Similarly to many conventional cancer treatments, PDT also faces resistance from CSCs. Therefore, gaining insight into how CSCs respond to PDT and uncovering the specific mechanisms that allow them to survive and adapt is essential. A deeper understanding of these resistance pathways could pave the way for more effective approaches aimed at fully eliminating CSCs [117]. Table 3 provides a summary of the effects of PDT on CSCs across various tumors, with the detailed findings discussed below. While the impact of PDT on CSCs remains insufficiently explored, several studies have indicated that PDT, on its own, may not be highly effective in targeting CSCs [118]. PDT using polymeric nanoparticles (NPs) co-loaded with TPCS2a and docetaxel in CD44+ breast CSCs showed increased PS accumulation and cytotoxicity, especially with prolonged incubation. The treatment reduced cell sphere formation and ALDH1+ cell percentage [119]. Breast CSCs were more sensitive to fVII-PDT, showing apoptotic and necrotic cell death. Raschpichler et al. developed an in vitro blood flow model with curcumin-loaded NPs. Laser irradiation reduced cell viability, induced morphological changes, and caused apoptosis and necrosis, suggesting PDT’s potential for metastatic disease treatment [120]. Chizenga et al. (2019) [121] studied aluminum phthalocyanine (AlPcS)-mediated PDT in cervical CSCs, identified by SP and characterized by CD133 and CD49f expression. They found that cellular damage varied with energy density, with lower doses causing blebbing and detachment, while higher doses led to shrunken cells and elevated LDH levels. These results suggest that AlPcS-mediated PDT induces membrane lysis in CSCs [121].

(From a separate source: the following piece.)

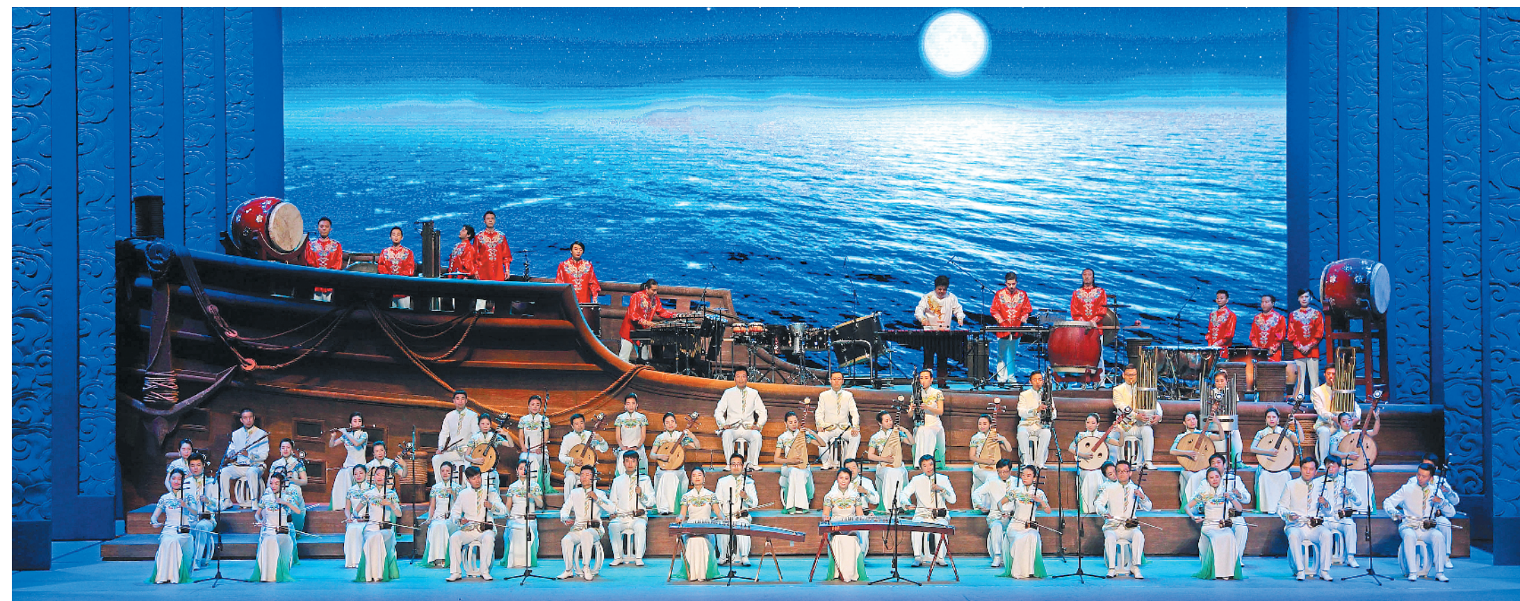
“一带一路”引领国际合作新实践。2017年5月，在“一带一路”国际合作高峰论坛上，中外嘉宾共赏《千年之约》文艺晚会。

Cogno et al. tested anthraquinone-rich compounds from H. pustulata and T. favicans as PSs in colorectal CSCs. PDT with 5 and 10 J/cm2 reduced cell viability by 50% and 75% in monolayer culture. In sphere culture, viability only decreased at higher doses, indicating resistance of colorectal CSCs to PDT [122]. Wei et al. (2014) [123] found that autophagy protects colorectal CSCs from 5-ALA-mediated PDT. PROM1/CD133+ CSCs, resistant to PDT, showed increased LC3-II formation and autophagosome activity. Pre-treatment with the autophagy inhibitor chloroquine enhanced PDT cytotoxicity, reduced sphere formation, and decreased CSC tumorigenic potential [123]. A study found that PDT with polyhematoporphyrin (PHP) alone had no effect on nasopharyngeal CSCs. However, combining PDT with 0.5 or 5 µM lovastatin increased PS accumulation and inhibited sphere formation [124]. Oral CSCs with high CD44 expression showed increased miR-145 after 5-ALA-mediated PDT, which enhanced PDT sensitivity, reduced CD44+ cells, and decreased sphere formation and invasion [125]. Wang et al. found that glioma CSCs were resistant to 5-ALA-mediated PDT, showing lower PpIX accumulation. This resistance was not due to ABCG2 efflux but was linked to heme oxygenase-1 upregulation, which promotes PpIX degradation. Combining PDT with an iron chelator improved PpIX uptake in vitro [126]. Brain CSCs treated with 5-ALA-mediated PDT showed increased mRNA expression of heme biosynthetic genes [127]. In a study on pancreatic CSCs, 5-ALA-mediated PDT showed that ABCG2 expression inversely correlated with PpIX accumulation. ABCG2 knockdown enhanced PpIX levels and reduced the CSC fraction but did not affect sphere formation [128].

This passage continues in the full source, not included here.